Game Theory: Conversations with Pierre Tremblay, 2024
Ulrike Balke
Art Is Like a Game:
I always take photos, write notes, make videos—family, documents, memories, anything—in no particular order—the flow of life. Once in a while I look back at these materials, and that’s where my projects start.
In 1988 I bought my first video camera and decided to use it as a still camera, extracting images from video, searching for the one image to use as a portrait. I began to play with these images and save the variations. I ended up with a lot of images, sequences; I decided to add sound, and focus on artists.
The first portraits are from the late nineties. I now have more than a hundred, mostly in French or English, and the project is still evolving. At some point I started to work on different graphic strategies, different games.
Soundbites, a quote… A game of playing as if I had no time.
Presentation of the work went from single channel to multichannel, and then interactive forms. I added text; the portraits got longer, at first a few minutes, then more extensive.
Installation at InterAccess
This film is based on my exhibition ART IS LIKE A GAME, shown at InterAccess last June. The installation integrated 360° video projection and multiple CRT televisions to create many perspectives on art practice.
The project is anchored in Marcel Duchamp’s quote, “Art is a game between all people of all periods,” and Michael Snow’s response, “Art is like a game; every time I feel like I’m going to lose, I change the rules.”
The exhibition and the film underline the ritual of art making, much like a game that operates within a set of rules that can be both altered and broken. Endless possibilities arise when the rules of the game are continuously reimagined.
While working, I continuously addressed the challenge of seeing multiple moments at once. My interest in moving images and sound questions the world in flux, and how we see and perceive.
Making portraits has been an important part of my practice and this film is a 40-year retrospective of my work on portraits through three projects. The first one, which I called VOYAGE, was done in 1984 when I was a student here at Image Arts. I was interested in presenting short sequences for each subject.

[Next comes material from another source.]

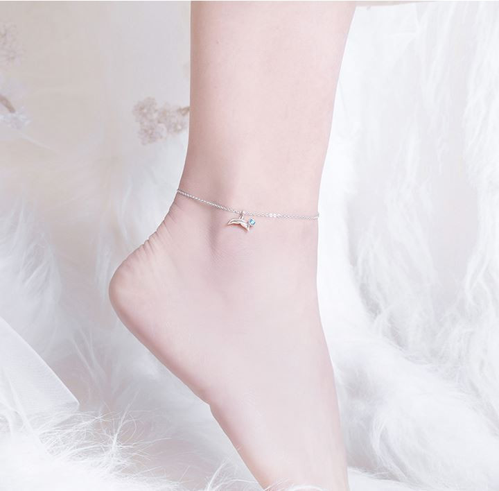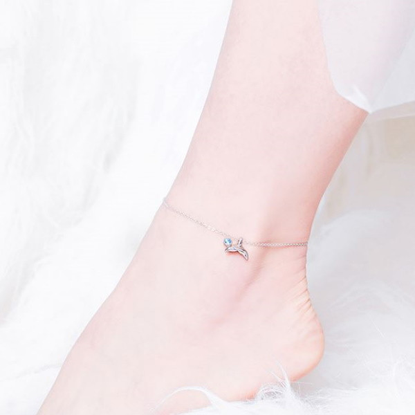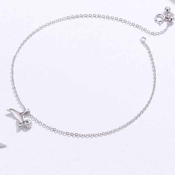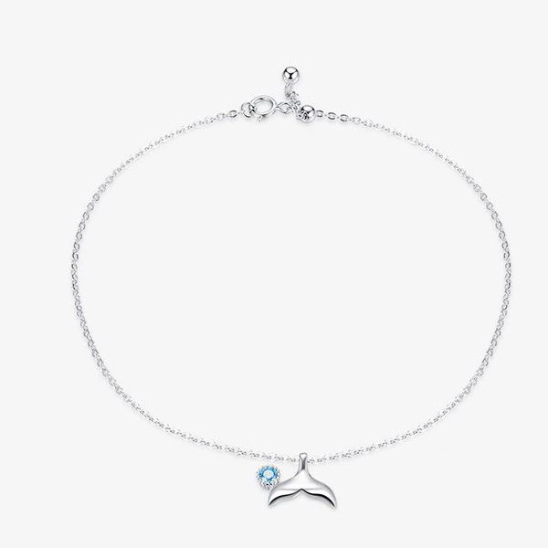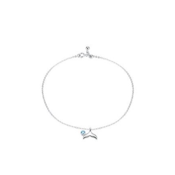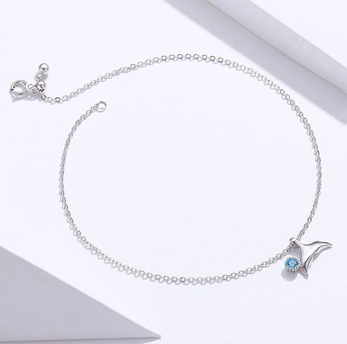 Strieborný náramok s platinovým povlakom, prívesok rybieho chvosta, zdobený drobnými modrými kryštálmi zirkónu. Dĺžka 23 cm, váha 1,3 g.

I was working with slides and decided to keep the slide mounts as a graphic element. I had access to an 8X10 enlarger to make prints here at school; I also did an internship where I had access to a Marron-Carrel camera—a pin register camera—and I could process, duplicate and work with lithography films (black and white, high contrast, positive and negative) to multi-expose my images. So that’s how the portraits started.
from VOYAGE
I went from asking artists for one sentence to making even longer works about artists: Michael Snow, Bruce Elder, David Rokeby… there were also portraits of Louise Bourgeois, Chuck Close, Françoise Sullivan and recently Max Dean. And many more.

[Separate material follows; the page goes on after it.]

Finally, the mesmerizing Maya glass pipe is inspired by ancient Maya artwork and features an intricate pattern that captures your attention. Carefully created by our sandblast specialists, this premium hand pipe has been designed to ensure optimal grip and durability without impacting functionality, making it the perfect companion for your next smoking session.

After the Portraits in a Sentence project, I initiated the Art Walk series—me taking a walk with an artist, each of us filming and talking as we go along. I wanted to offer my students my own alternative to Art 21.
The films I made did end up at FIFA, etc., but fundamentally they were part of my effort to share different and hopefully inspiring perspectives on creation with my students. From one angle, you could see this whole project as me doing my part in an ongoing exchange of ideas with my students.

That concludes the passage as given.